Spent the afternoon at a half-day workshop lead by Amma Thanasanti, a Buddhist nun, called "Building Community Through Awareness," which focused on the 'insight dialogue' techniques developed by Gregory Kramer, as well as methods of non-violent communication developed by Marshall Rosenberg.
It was pretty interesting, and I can see how practicing some of these techniques, like mindfulness of body meditation, can help one communicate more effectively with others in a way that fosters communal harmony. Being aware of the body and of the thoughts and feelings that arise rather than immediately identifying with them and constructing narratives around them can be a really useful tool, I think.

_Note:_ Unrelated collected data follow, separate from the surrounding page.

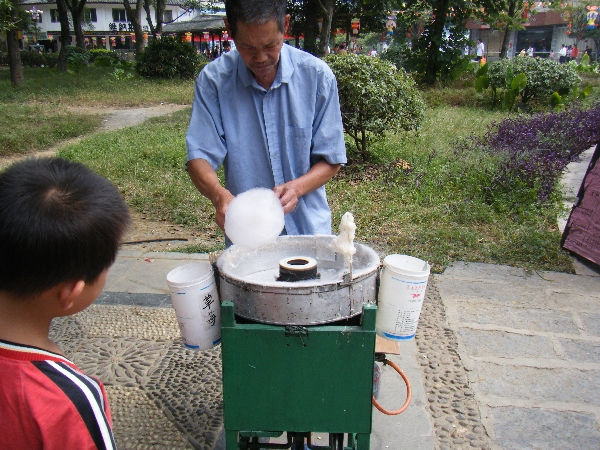 中国・桂林(陽朔)にて 日本のお祭りにも欠かせない綿菓子です。 |
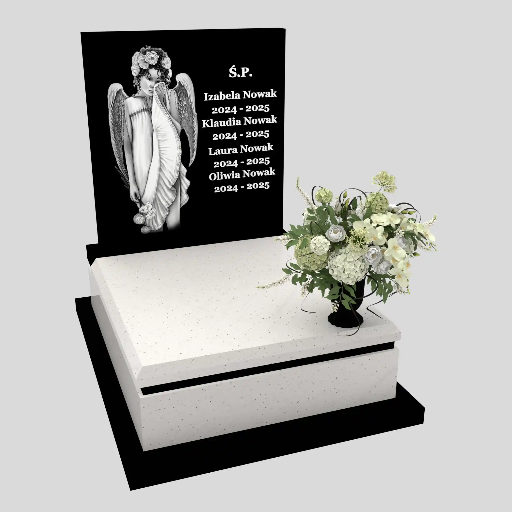 W projektach takich jak nagrobek dla dziecka jasny granit jest wybierany bardzo często, bo kojarzy się z czystością, światłem i niewinnością. Super White w połączeniu z czarną tablicą tworzy klasykę, która jest ponadczasowa: nie podlega modzie i po latach nadal wygląda elegancko. Dzięki temu nagrobek dziecięcy D 76 zachowuje charakter premium, ale bez przesady – to projekt, w którym najważniejsze jest znaczenie i godność.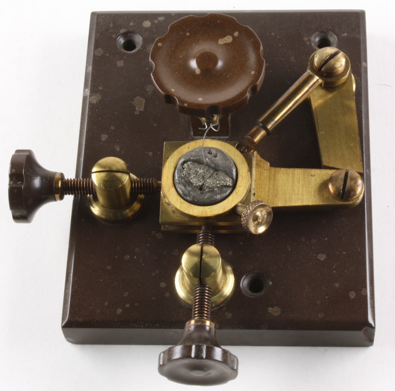 Crystal detector, used in early crystal set radios. Designed by J. G. Balsillie, and made at the Shaw Works, Randwick, Sydney, Australia in 1913. The pyrite crystal in the holder was presented separately in 1925.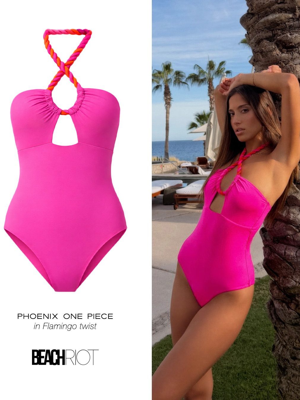 Beach Riot, the Los Angeles-born provocateur since 2014, fuses swimwear, activewear, and off-duty knits into a sun-kissed playbook of sporty femininity, California ease, and pop-color glamour. Inspired by hot nights with nowhere to be—twisted ropes, bold pinks, and that lingering warm air—their Phoenix One Pieces deliver seamless beach-to-bar transitions. The Flamingo Twist ($188) captivates in vibrant flamingo pink with a braided halter neckline, adjustable ties, and ruched bust for a flirtatious, body-skimming hug. Opt for the Malibu Pink ($178) in ribbed stretch fabric with crisscross halter and removable soft cups for supportive allure, or the Strawberry Moon Terry ($168) in plush 96% polyester-4% spandex terry cloth, featuring adjustable halter, cut-out details, and buttery comfort. The Joyce One Piece Fuchsia Red Neon Pink ($168) amps up ribbed colorblock drama. Soft, stretchy materials ensure confident, curve-loving fits that scream feel-good evenings under neon skies.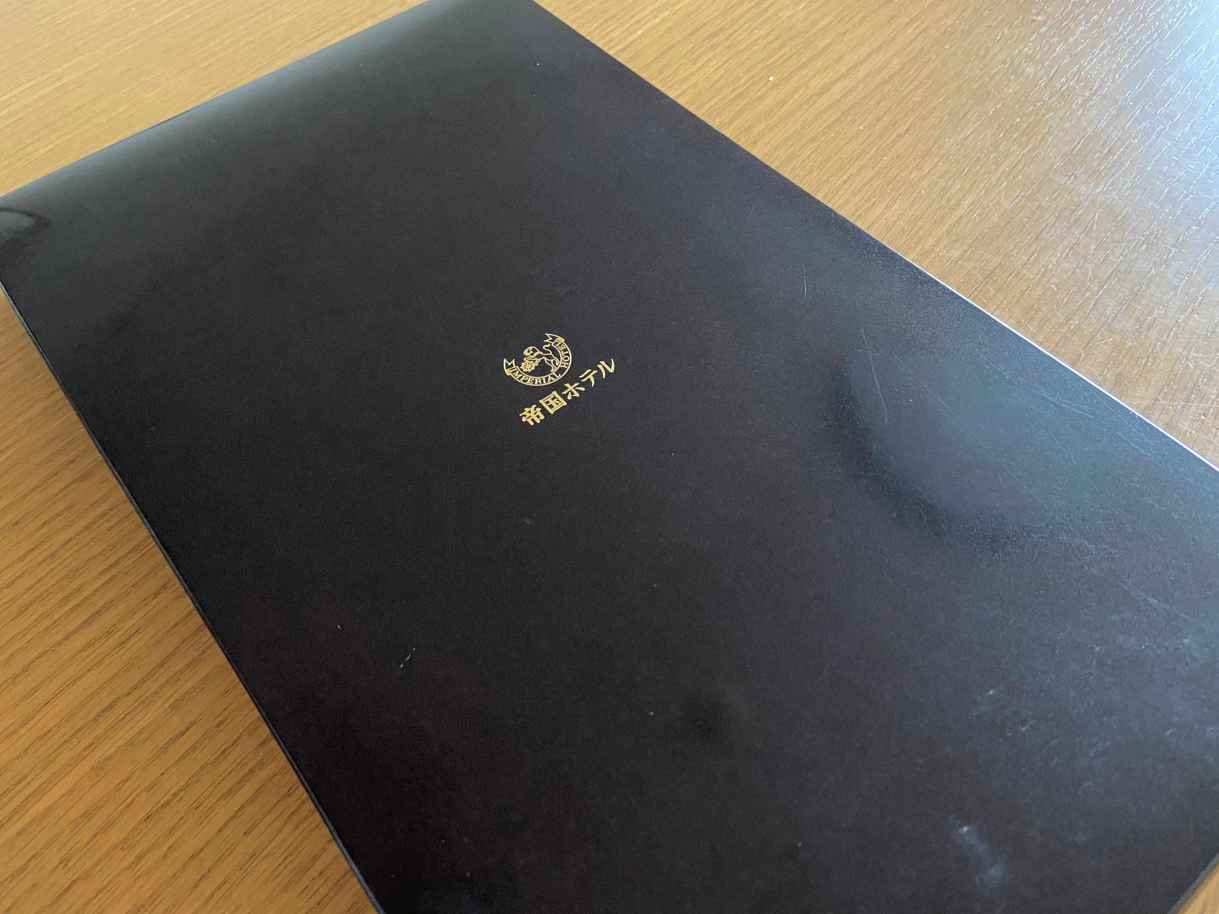 黒い箱の中央には帝国ホテルの金色のロゴ。シンプルながら風格を感じるデザインです。

In addition, some of the exercises illustrated to me how much of how I act and react when talking to other people is the result of social conditioning, and not necessarily skillful or genuine. Often, when we talk to someone else, we have an agenda, we want to appear a certain way and act accordingly rather than in a way that the other person may need or would be more helpful to the situation. So focusing on our direct experiences, as opposed to the ways in which we tend to frame those experiences, can open up the space to be more discerning and responsive in our interactions.
Due to the limited amount of time, she couldn't go into all the steps and exercises (mostly just the first), but I'd definitely be interested in taking a full insight dialogue retreat one day. Has anyone been on a insight dialogue retreat?
Comments
Forgive the duplication of the response I gave you elsewhere...
Body language and physical demeanour are vital elements of communication. In fact as a whole, they take up the major percentage of how we communicate. If you think about it, language as we know it, is pretty new in comparison to how long we have been on the planet. Languages are still evolving and changing, constantly being added to... But humans - just the same as any other animal - have used body language for far longer than words.
We communicate primarily through our appearance and physical presentation and attitude. Actions speak louder than words, and we never get a second chance to make a first impression. Remember that when faced with having to kiss Aunt Mildred on the cheek...
I have myself attended a similar course but it was therapy-based during my Shiatsu studies.
It was more spiritually-themed than practical or anatomical and it taught me a huge amount about empathetic interaction.